Data Extract 250/251 out now!!

At long last, the much delayed Data Extract 250/251 double issue has been released! DWCA committee members have packaged it all up for the post and it will arrive in the letterboxes of club members this week. Make sure your membership is up to date so you don’t miss out! The double issue includes an exclusive interview with Katy Manning on her long connection to Australia, Pete McTighe takes us behind the scenes on the short films made for the Blu-ray collection releases, it has a tribute to Louise Pajo (Gia Kelly from The Seeds of Death), written by her in her final days, a look at the real world Future Library with artist Katie Paterson, DE founder Dallas Jones looking at DE history and his own fandom origins, Craig Land’s epic comic as past companions team up to take on the Master, the Jason Towers comic telling the true story of Colin Baker climbing the Sydney Harbour Bridge, UK correspondent Bel Bailey-Melouney takes us behind the scenes on Time Fracture and tours the filming locations of Flux, Dom Kelly looks back over series 11 and 12 to bring us a timely exploration of the Thirteenth Doctor, Tim Darby counts down tales of Gallifrey, Roger Reynolds introduces us to the Doctor’s neighbor at 78 Totters Lane and Lethbridge-Stewart joins the Time War.

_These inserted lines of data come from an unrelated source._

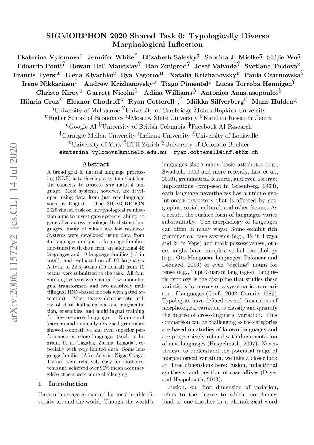 SIGMORPHON 2020 Shared Task 0: Typologically Diverse Morphological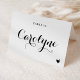 Eleve a sua recepção de casamento com nossos belos cartões de lugar de casamento personalizáveis, projetados para adicionar um toque pessoal ao seu dia especial. Eles apresentam caligrafia preta moderna e um acento de coração. Adicione os nomes dos seus convidados, a opção de refeição, a data do casamento ou uma mensagem especial. Transforme as mesas da sua recepção em uma exibição deslumbrante de personalização e amor com nossos cartões de lugar modernos. Perfeitos para casamentos, chá de bebê, chá de noiva, aniversários e muito mais.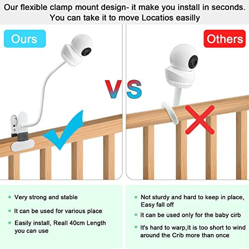 安定性と耐久性:当社のグースネックのアームは、より良い素材とデザインを採用しています。アルミニウムとマグネシウム合金製で、安定性と耐久性の両方が向上しています。何千回も曲げた後でもNooieベビーモニターをしっかりと保持できます。滑り止めクランプはフォーム素材で覆われており、家具の損傷や傷を防ぎます。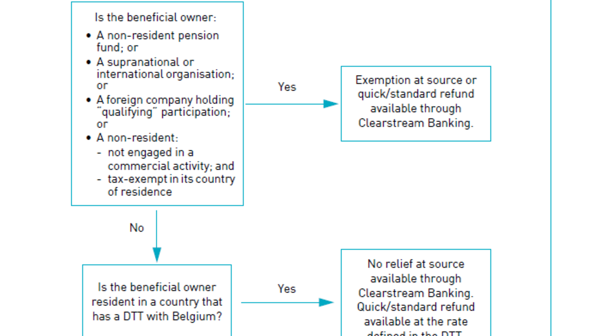 For supranational or international organisations , non-resident pension funds and foreign companies holding “qualifying” participation exemption at source from withholding tax or reduced withholding tax rate on dividends from Belgian equities is applied, upon submission of the requested documentation to Clearstream Banking, automatically on the entire customer entitlement for all dividend payments. No further action is required from customers in order to receive gross payments.
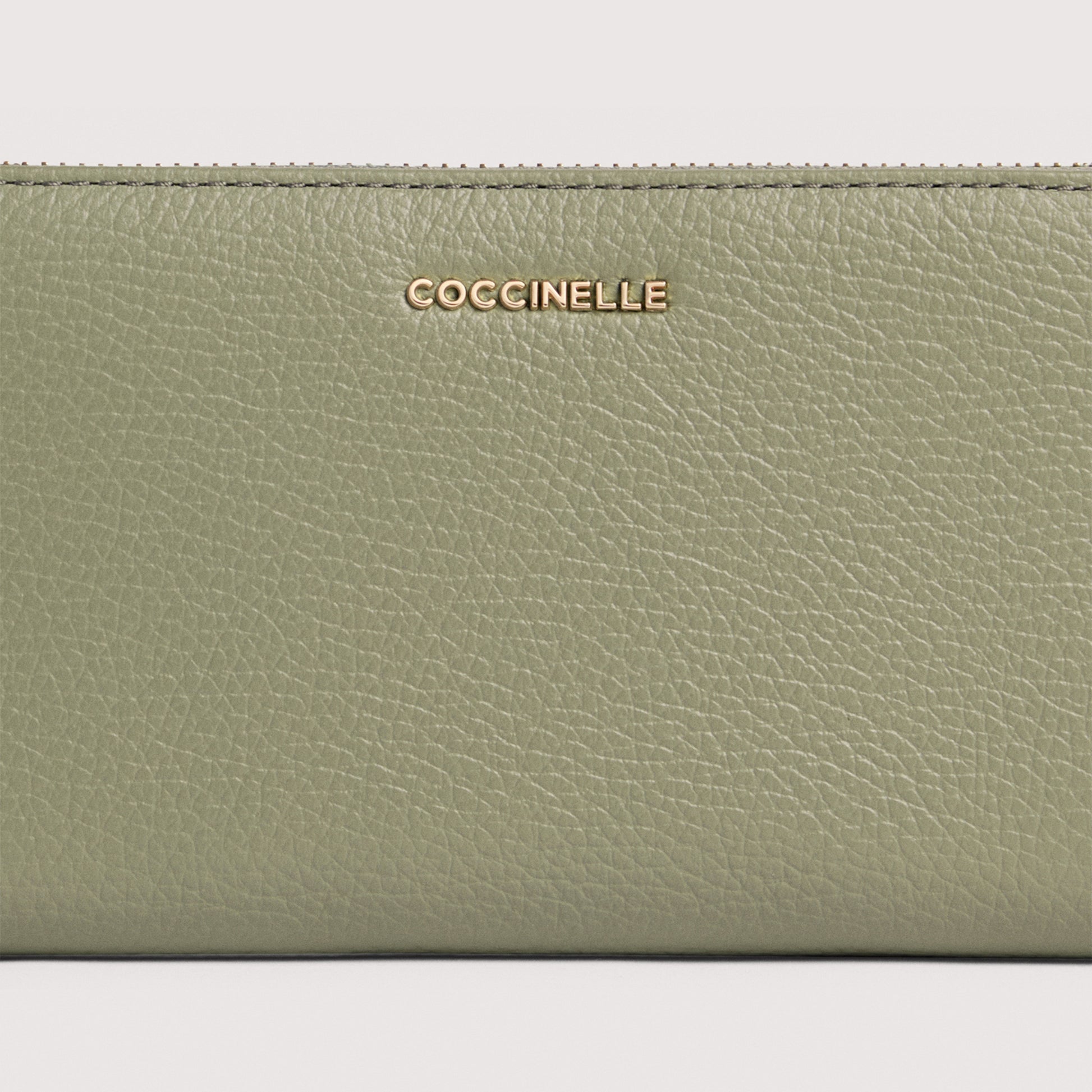 กระเป๋าเงินซิปเมทัลลิกขนาดกว้างขวางใบนี้มีโลโก้โลหะ Coccinelle การใช้พื้นที่ให้เกิดประโยชน์สูงสุดได้รับการออกแบบมาเพื่อให้สิ่งของจำเป็นของคุณเป็นระเบียบและปลอดภัย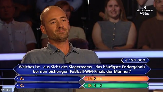 10月11日讯 在德国版的《谁想成为百万富翁》智力竞赛节目中,一位参赛者没能回答对世界杯赛 总决赛 的比分,错失12.5万欧元(约103万人民币)奖金。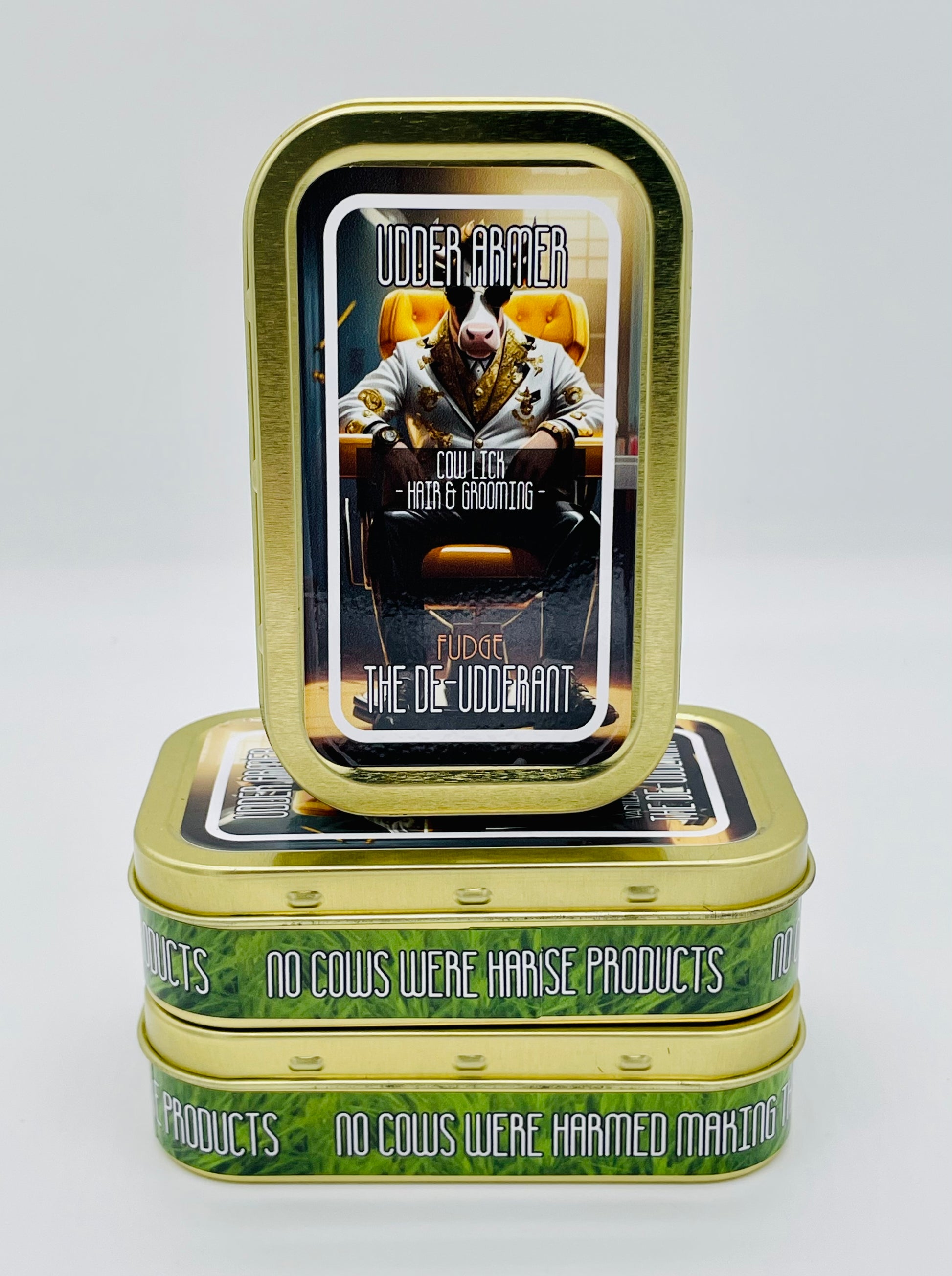 Introducing UDDER ARMER Natural De-Udderant, now with a fudge-scented twist! This natural, organic, and vegan deodorant is ready to sweeten your underarm experience. Crafted with the finest natural ingredients, UDDER ARMER provides long-lasting odor protection while being gentle on your skin. Embrace the irresistible aroma of fudge as you go through your day, feeling confident and fresh. Let the delightful scent of fudge transport you to a world of indulgence, all while knowing that you're making a sustainable and ethical choice for your personal care routine. Say goodbye to harsh chemicals and hello to a naturally delicious underarm deodorizing experience. It's time to UDDERly enjoy the sweetness of UDDER ARMER Natural De-Udderant with its fudge scent!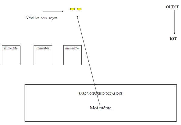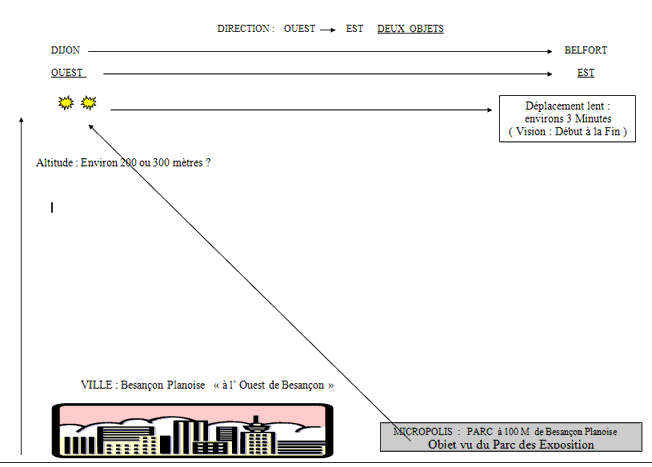 Que faisiez-vous au moment où débuta votre observation, comment votre attention a-t-elle été attirée par le phénomène? Promenade dans les allées du parc puis soudain mon regard se dirige vers ces deux objets, je pensai d'abord voir au loin deux gros oiseaux, mais j'ai bien vite compris, qu'il s'agissait de deux objets, deux petits objets qui semblaient vibrer et qui avançaient très doucement...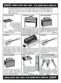 Mid sixties advertisement for WEM/ Watkins gear. Although a number of amplifiers, keyboards and guitars are illustrated, the main focus is on the 30w control HR30 head and the 2x12" Starfinder cabinet.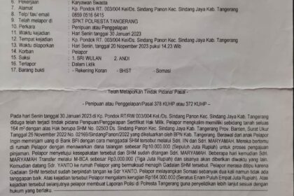 newsoneindonesia.com||Tangerang- Keluarga Ibu Haeliyah, warga Kampung Pondok RT 003 RW 004, Desa Sindang Panon, Kecamatan Sindang Jaya, Kabupaten Tangerang, mendesak kepastian hukum atas laporan dugaa...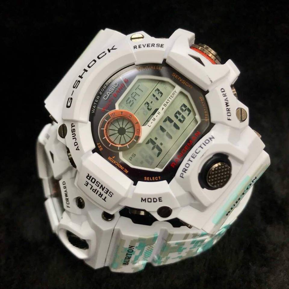 G shock and burton collaboration features work of photographer dean blotto gray. Shock resistant watch brand casio g shock has just unveiled it is teaming up with renowned snowboard brand burton to release a limited edition mudmaster timepiece the ggb100btn 1a was designed to tie in the rugged conditions that the models are built to withstand with the snowy mountain landscape that. Casio america listed the upcoming burton x g shock mudmaster ggb100btn 1a on its website which is the snowboarding company s third collaboration with g shock the limited edition watch fuses the ultra ruggedness of the mudmaster gg b100 with a style inspired by snowboarding in the mountains. The g shock gw9400btj 8 rangeman is a limited edition watch produced in collaboration with burton snowboards and casio.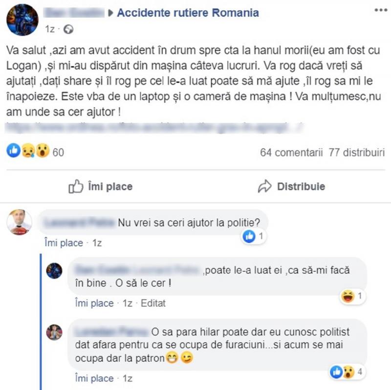"Va salut, azi am avut accident în drum spre cta la hanul morii (eu am fost cu Logan), și mi-au dispărut din mașina câteva lucruri. Va rog dacă vreți să ajutați, dați share și îl rog pe cel le-a luat poate să mă ajute, îl rog sa mi le înapoieze. Este vorba de un laptop și o cameră de mașina! Va mulțumesc, nu am unde sa cer ajutor!", este mesajul bărbatului, care a publicat mai multe imagini de la locul accidentului.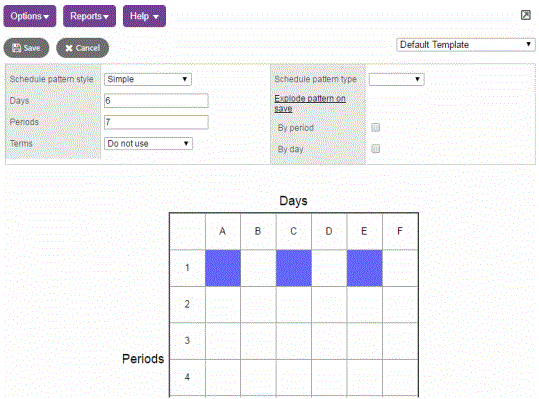 1. You can explode Simple and Compound pattern types. Below Explode pattern on save, select the By period and By day checkboxes if you want the system to create every possible pattern based on the pattern you create in the grid after you click Save. Exploding patterns minimizes the number of patterns you actually define. Most schools need to define only a few patterns, and the system creates all versions of that pattern for them.

Comic artist Jason Towers has some behind the scenes illustrations for his contributions to the League of Extraordinary Companions and Old Sixie comics on his website here: http://jasontowers.com/drwho/

DWCA Day Event at Burwood Sunday 27 March

After all the lockdowns, after all the delays – we’re finally back in action! Returning for 2022, the DWCA will be hosting a Day Event on Sunday 27 March at Club Burwood, 97 Burwood Road, Burwood. Come along to catch up with friends, watch some eps, visit the club shop and celebrate all things Doctor Who! We hope to see you there!